Question

If ${\int }_0^{25}{e}^{x-\left[x\right]}dx=k(e-1)$, then the value of $k$ is

• A. $12$
• B. $25$
• C. $23$
• D. $24$

Answer 1

The correct option is B

$25$

Explanation for the correct option.

Find the value of $k$:

Given,

${\int }_0^{25}{e}^{x-\left[x\right]}dx=k(e-1)$.

Concept: $x-\left[x\right]$ is a periodic function with $1$.

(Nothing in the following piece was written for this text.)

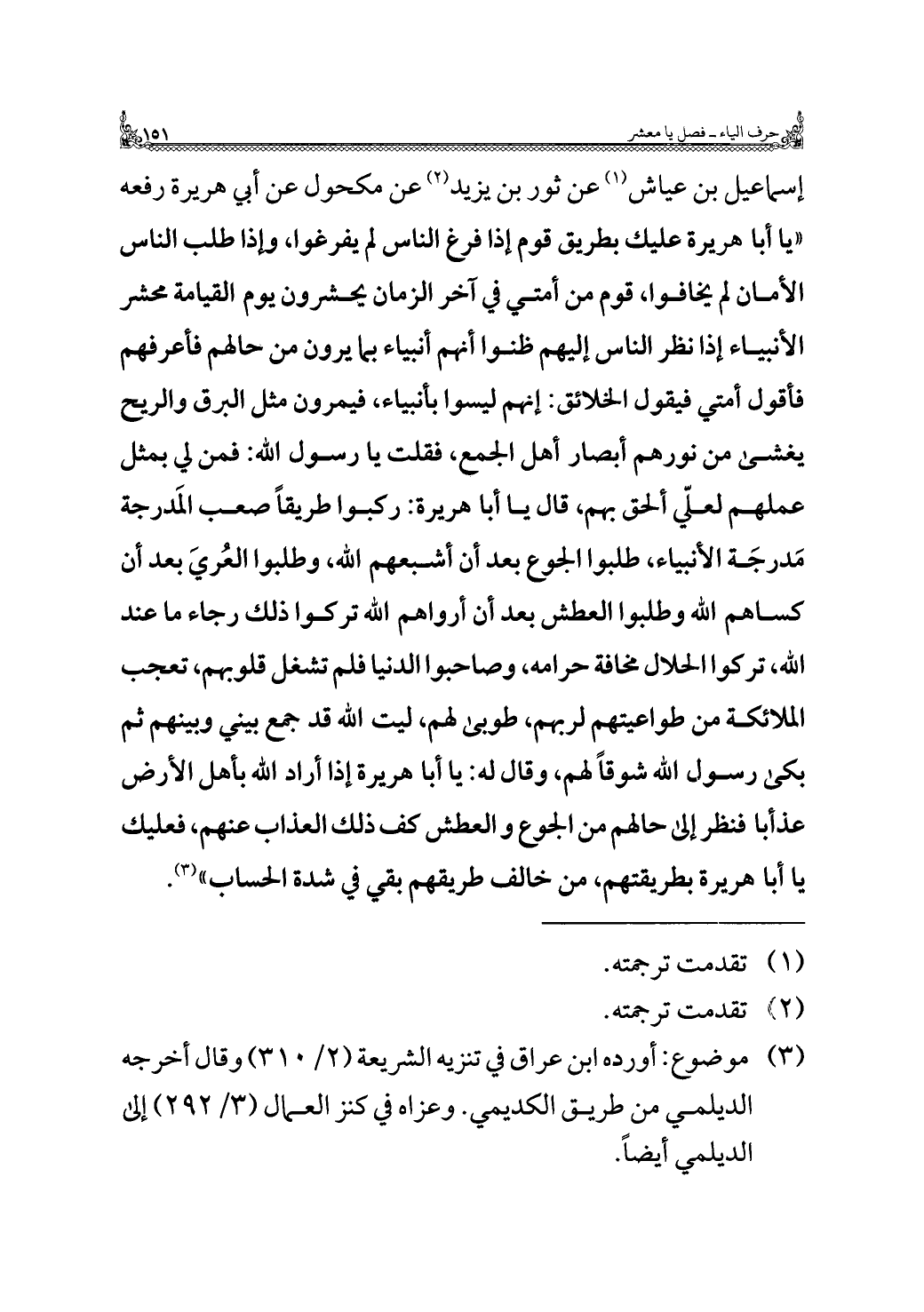 إسماعيل بن عياش (¬١) عن ثور بن يزيد (¬٢) عن مكحول عن أبي هريرة رفعه "يا أبا هريرة عليك بطريق قوم إذا فرغ الناس لم يفرغوا، وإذا طلب الناس الأمان لم يخافوا، قوم من أمتي في آخر الزمان يحشرون يوم القيامة محشر الأنبياء إذا نظر الناس إليهم ظنوا أنهم أنبياء بما يرون من حالهم فأعرفهم فأقول أمتي فيقول الخلائق: إنهم ليسوا بأنبياء، فيمرون مثل البرق والريح يغشى من نورهم أبصار أهل الجمع، فقلت يا رسول الله: فمن لي بمثل عملهم لعلّي ألحق بهم، قال يا أبا هريرة: ركبوا طريقًا صعب المَدرجة مَدرجَة الأنبياء، طلبوا الجوع بعد أن أشبعهم الله، وطلبوا العُريَ بعد أن كساهم الله وطلبوا العطش بعد أن أرواهم الله تركوا ذلك رجاء ما عند الله، تركوا الحلال مخافة حرامه، وصاحبوا الدنيا فلم تشغل قلوبهم، تعجب الملائكة من طواعيتهم لربهم، طوبى لهم، ليت الله قد جمع بيني وبينهم ثم بكى رسول الله شوقًا لهم، وقال له: يا أبا هريرة إذا أراد الله بأهل الأرض عذابًا فنظر إلى حالهم من الجوع والعطش كف ذلك العذاب عنهم، فعليك يا أبا هريرة بطريقتهم، من خالف طريقهم بقي في شدة الحساب" (¬٣).

So, $e^{x-\left[x\right]}$ has period $1$.

Now, we know that if $f\left(n\right)$ is periodic with period $t$, then,

${\mathbf{\int }}_{\mathbf{0}}^{\mathbf{nt}}\mathbf{f}\mathbf{\left(}\mathbf{n}\mathbf{\right)}\mathbf{dx}\mathbf{=}\mathbf{n}{\mathbf{\int }}_{\mathbf{0}}^{\mathbf{t}}\mathbf{f}\mathbf{\left(}\mathbf{n}\mathbf{\right)}\mathbf{dx}$.

$\begin{array}{rcl}{\int }_0^{25\times 1}{e}^{x-\left[x\right]}dx& =& k(e-1)\\ & \Rightarrow & 25{\int }_0^1{e}^{x-0}dx=k(e-1)\\ & \Rightarrow & 25{\int }_0^1{e}^{x}dx=k(e-1)\\ & \Rightarrow & 25{\left(e^x\right)}_0^1=k(e-1)\\ & \Rightarrow & 25\left(e^1-e^0\right)=k(e-1)\\ & \Rightarrow & 25(e-1)=k(e-1)\end{array}$

On comparing the coefficient of both side $k=25$.

Hence, the correct option is B.